Born in England in 1863, Lee ran away from home at the age of 19 to attend the South Kensington Art School. Lee received early notoriety and was invited by Queen Victoria to make sketches of the Buckingham palace in 1894 and 1895. In 1899, Lee immigrated to Canada and exhibited at the Royal Canadian Academy. Lee initially settled in Qu’Appelle, Saskatchewan until a fire destroyed nearly all of his possessions. Undeterred, Lee set out on a year long trek armed only with his camera, sketchbook, and painting materials across Canada and the United States camping wherever there was water and grass for his horses. A more detailed account of his travels can be found in his writings at the Chilliwack Museum and Archives (CMA, AM 0021, File 3).
F. W. Lee eventually settled in Chilliwack in 1904 where he remained with the exception of a brief temporary move to Vancouver in 1919. Lee attempted to cultivate land in the area but gave up shortly and moved to a small cabin at 747 DeWolfe Avenue (now 46719 Portage Avenue) where he set up an art studio. Unhappy with the road conditions on DeWolfe, Lee moved to 106 Second Avenue (now 46122 Second Avenue) upon his return to Chilliwack from Vancouver. Inundated by ill health and hardship, Frederick Walter Lee never achieved the high status his early career indicated.

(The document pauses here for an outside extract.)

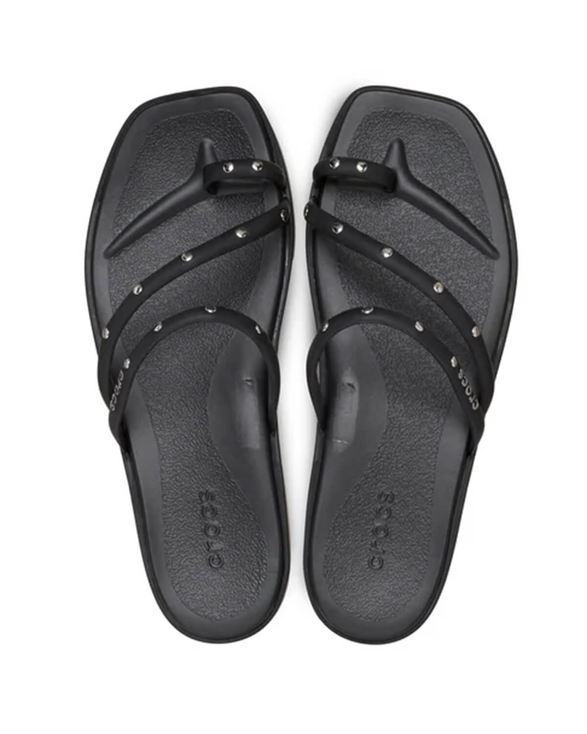 • Stylish Crocs sandals featuring a toe loop design with studded details
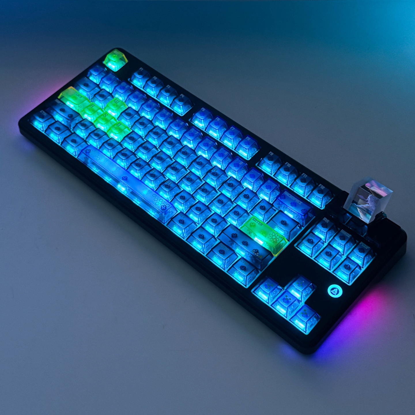 黑爵 MK87 棱镜版键盘采用 87 键 80% 配列和 Gasket 垫片固定结构;基于 1.2mm 单键开槽 PCB,支持轴体热插拔,具备 1600 万色下灯位 RGB 背光(注:空格键拥有 9 颗灯珠);拥有 4 层填充和横向开槽 PC 定位板。

In Chilliwack, Lee did everything he could to stay afloat. In addition to his art studio, Lee organized drawing and painting classes during which a student could take a class once a week for one month at $2.50 (drawing lesson) and $3.50 (painting lesson). Lee also worked at the Wilson Photography Studio for much of his career and sold his own photographs. In 1907 he published a poem, The Prairie, (written in Qu’Apelle in 1902) in Chilliwack’s The Progress newspaper. Although there is no evidence he ever made an income from his music, Lee also composed music for the guitar.
When Lee wasn’t working, his favourite pastime may have been as a citizen activist addressing issues to City Council and writing letters to the paper. Lee addressed City Council and The Progress about unsightly fences on DeWolfe Avenue, having to endure shootings and sieges in his studio, a “preponderance of thistles” in the lot next to his property, and requested to move a streetlamp 60 feet down the road. In my personal favourite letter to The Progress in which Lee argued with City Council about his road condition and lot size he said of a council member:
“under penalty of being forcibly removed and forever denied the beautific vision of his august countenance, in fact the offended Deity assured me the process would leave me a shameless withered mass burnt to ashes under aldermanicire, should I ever hint or whisper such a thing as that there is a road leading to my lot.”
Although many secondary sources incorrectly state that Lee died in 1941, he actually passed away in Chilliwack in 1948. Today, Lee is best known for his natural watercolour paintings of the Fraser Valley. Many of his artworks, writings, photographs, his memoir, and other biographical information can be viewed at the Archives under the Frederick Walter Lee collection, AM 0021.